Watched by a crowd of 48,374, Leeds had the best of the opening exchanges of the match and had two appeals for a penalty kick turned down by the referee Michel Kitabdjian. Bayern suffered two injuries in the first half, to defender Björn Andersson and striker Uli Hoeneß, following strong tackles by Leeds players. A Peter Lorimer goal for Leeds in the 62nd minute was disallowed, when Billy Bremner was adjudged to be offside. Franz Roth scored in the 71st minute for Bayern and Gerd Müller extended the lead ten minutes later, to secure a 2–0 victory for Bayern.

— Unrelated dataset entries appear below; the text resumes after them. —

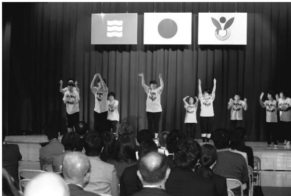
全国学校体育研究大会広島大会でステージ発表

昨年度は、練習の成果を発表するステージが2回ありました。1回目は、11月13日第54回全国学校体育研究大会広島大会第12分科会、広島市立広島特別支援学校体育館ステージにおいて、アトラクションとして招待され発表しました。初めての発表会で緊張していましたが、ミュージックが流れ始めるといつものとおり体が動いていました。何とか1曲マスターし、カー杯発表できました。大きな拍手に感動！
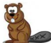
Squirrel – Esquilo
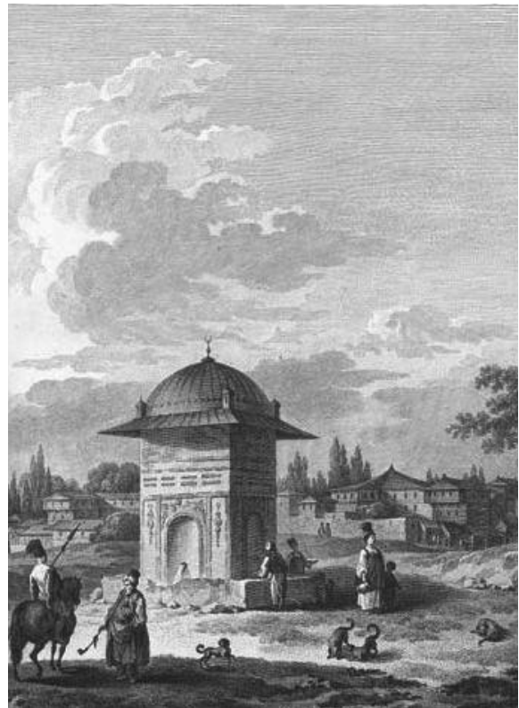
Κρήνη στην πόλη της Χίου, χαλκογραφία, 1782.

Το φρούριο του Βαρδαρίου Ψεσσαλονίκης (Torhane) κτίστη
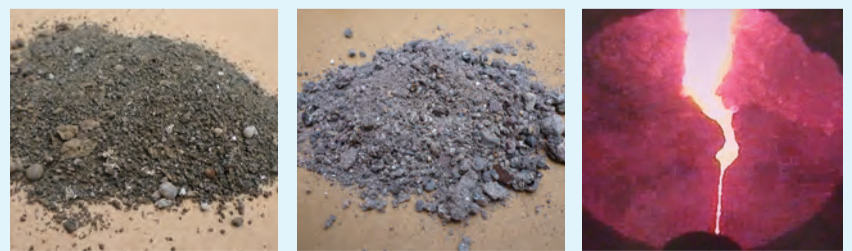
写真3 / 溶融メタル

ごみを燃やして出てくる焼却灰には、溶融に適さない異物(カン、電池、金属くずや陶器等)が含まれています。これらをふるいと磁選機とで取り除いた後に、約1400度の高温で溶かします。(写真1) 溶けた灰は、水を張った水槽に流れ落ち、急激に冷やされガラス状になります。これを破碎してできた粒が溶融スラグです。(写真2) 溶融スラグには、メタル分が含まれていて、磁選機とアルミ選別機で取り出したものが溶融メタルです。(写真3) 見た目は似ていますが、溶融スラグは、路盤材として再利用され、道路舗装などに活用されています。また、溶融メタルは、金や銀などの金属を多く含む資源として、有効利用されます。
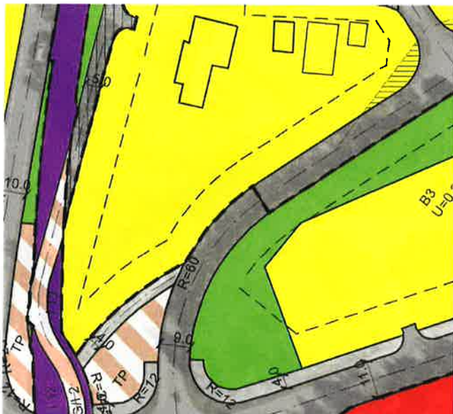
Figur 1 Gjeldende reguleringsplan hjemler ikke fremføring av gang og sykkelveg. Det må derfor utarbeides ny plan
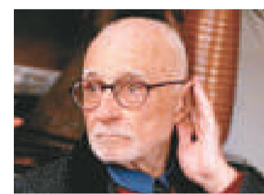
▲意大利著名導演馬里奧莫尼切利日前在羅馬自殺，享年 95 歲

馬里奧莫尼切利畢生一共執導拍攝了 65 部作品，被譽為意大利的喜劇大師，最著名的作品是《聖母街上的大人物》(I Soliti ignoti) 和《大戰爭》(The Great War)。(綜合報道)
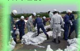
筑西市消防団 水防訓練

It was Bayern's second consecutive victory in the competition, although they failed to retain their Bundesliga title, finishing in 10th place. Riots by the Leeds fans during the match led to UEFA banning the club from European competition for four years, although this was reduced to two years on appeal.

==Background==
Bayern Munich were appearing in what would be their second of three consecutive European Cup finals, all of which they would win. The Bavarian side contained many great players such as Franz Beckenbauer, Gerd Müller and Uli Hoeneß, who had featured heavily in West Germany's 1974 World Cup victory the previous season, and as such were heavy favourites. In the 1974–75 Bundesliga season, Bayern had a serious slump after winning the previous three German championships. This was said to be caused by motivational deficits, especially as six of the Bayern players also won the 1972 European Championship and the 1974 World Cup. To boot, at the start of the season Paul Breitner moved to Real Madrid.

Bayern became the domestically worst-performing winner of the European Champions Cup up to then, finishing only 10th in the Bundesliga with a negative goal difference. Only Aston Villa would do domestically worse in the year of their European title win. In 1982, when they defeated Bayern 1–0 in the final, the team from Birmingham finished 11th in the First Division but a positive goal difference. For Bayern coach Dettmar Cramer, who took over from Udo Lattek early in the season, this was the first of three international club titles. He remained without domestic silverware. Franz Roth scored for the second time in a European final, after the Cup Winners' Cup final in 1967, putting Bayern ahead 1–0 in this final, and drew level with Sandro Mazzola from Italy's Inter Milan, who achieved this in the champions' finals 1964 and 1967.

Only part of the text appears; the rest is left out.